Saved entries

========

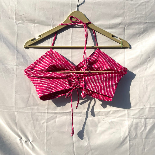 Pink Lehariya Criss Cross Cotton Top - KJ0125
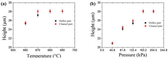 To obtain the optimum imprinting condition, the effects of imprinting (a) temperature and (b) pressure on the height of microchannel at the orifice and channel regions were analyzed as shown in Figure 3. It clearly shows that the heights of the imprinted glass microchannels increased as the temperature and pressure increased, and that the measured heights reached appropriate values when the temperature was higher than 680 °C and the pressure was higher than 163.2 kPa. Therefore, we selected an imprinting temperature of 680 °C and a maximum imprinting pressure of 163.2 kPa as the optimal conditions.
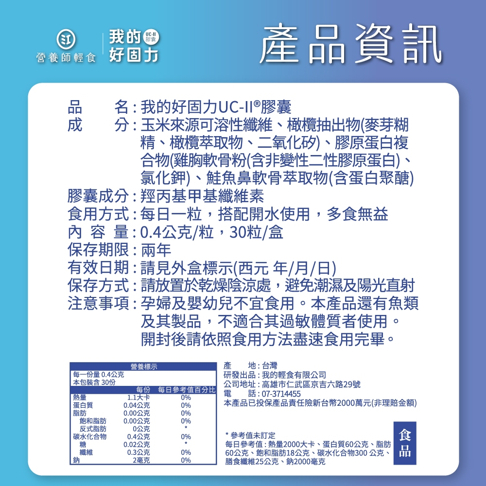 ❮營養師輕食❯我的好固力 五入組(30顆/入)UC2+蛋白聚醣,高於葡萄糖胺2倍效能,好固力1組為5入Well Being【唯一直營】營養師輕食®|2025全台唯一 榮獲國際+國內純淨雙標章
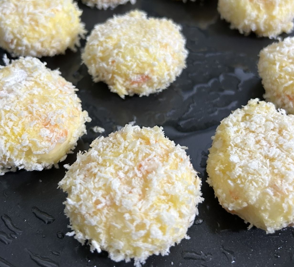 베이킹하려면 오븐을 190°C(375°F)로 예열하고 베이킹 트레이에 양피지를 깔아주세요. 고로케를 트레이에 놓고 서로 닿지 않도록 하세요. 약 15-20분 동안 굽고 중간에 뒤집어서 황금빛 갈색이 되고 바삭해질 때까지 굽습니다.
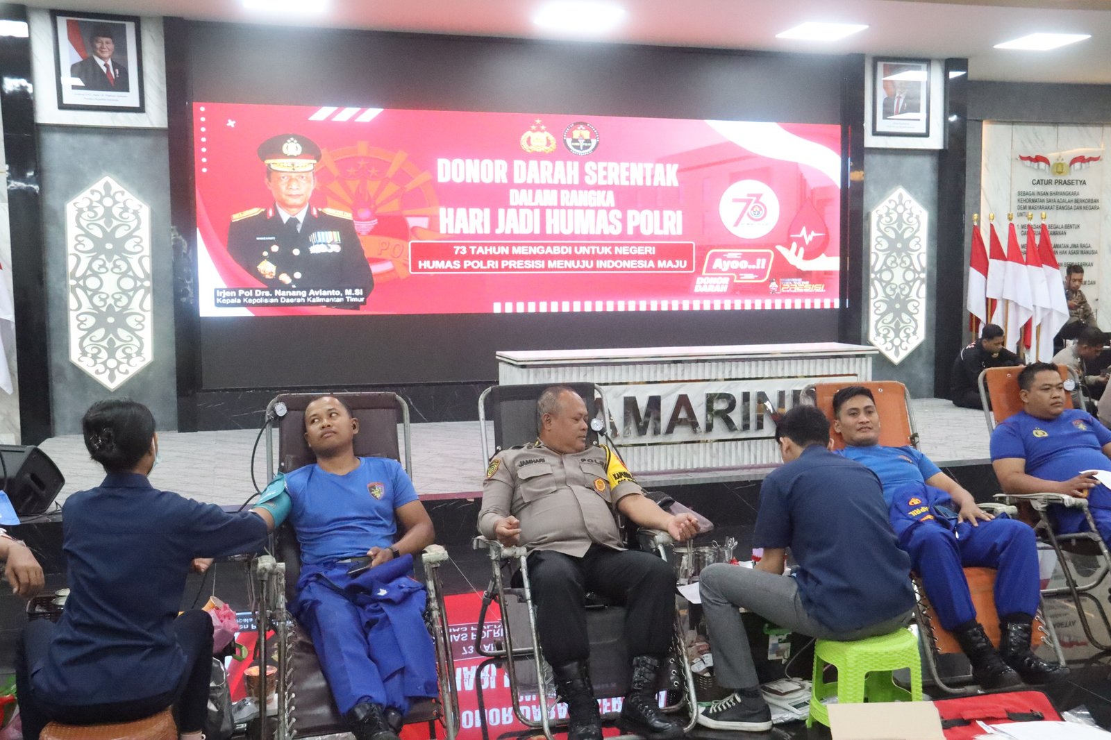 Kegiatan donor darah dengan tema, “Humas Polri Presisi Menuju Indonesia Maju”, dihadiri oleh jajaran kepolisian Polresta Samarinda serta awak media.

========

Pictures must be left out when the records are transcribed exactly.

Written reply -
 Pink Lehariya Criss Cross Cotton Top - KJ0125
 To obtain the optimum imprinting condition, the effects of imprinting (a) temperature and (b) pressure on the height of microchannel at the orifice and channel regions were analyzed as shown in Figure 3. It clearly shows that the heights of the imprinted glass microchannels increased as the temperature and pressure increased, and that the measured heights reached appropriate values when the temperature was higher than 680 °C and the pressure was higher than 163.2 kPa. Therefore, we selected an imprinting temperature of 680 °C and a maximum imprinting pressure of 163.2 kPa as the optimal conditions.
 ❮營養師輕食❯我的好固力 五入組(30顆/入)UC2+蛋白聚醣,高於葡萄糖胺2倍效能,好固力1組為5入Well Being【唯一直營】營養師輕食®|2025全台唯一 榮獲國際+國內純淨雙標章
 베이킹하려면 오븐을 190°C(375°F)로 예열하고 베이킹 트레이에 양피지를 깔아주세요. 고로케를 트레이에 놓고 서로 닿지 않도록 하세요. 약 15-20분 동안 굽고 중간에 뒤집어서 황금빛 갈색이 되고 바삭해질 때까지 굽습니다.
 Kegiatan donor darah dengan tema, “Humas Polri Presisi Menuju Indonesia Maju”, dihadiri oleh jajaran kepolisian Polresta Samarinda serta awak media.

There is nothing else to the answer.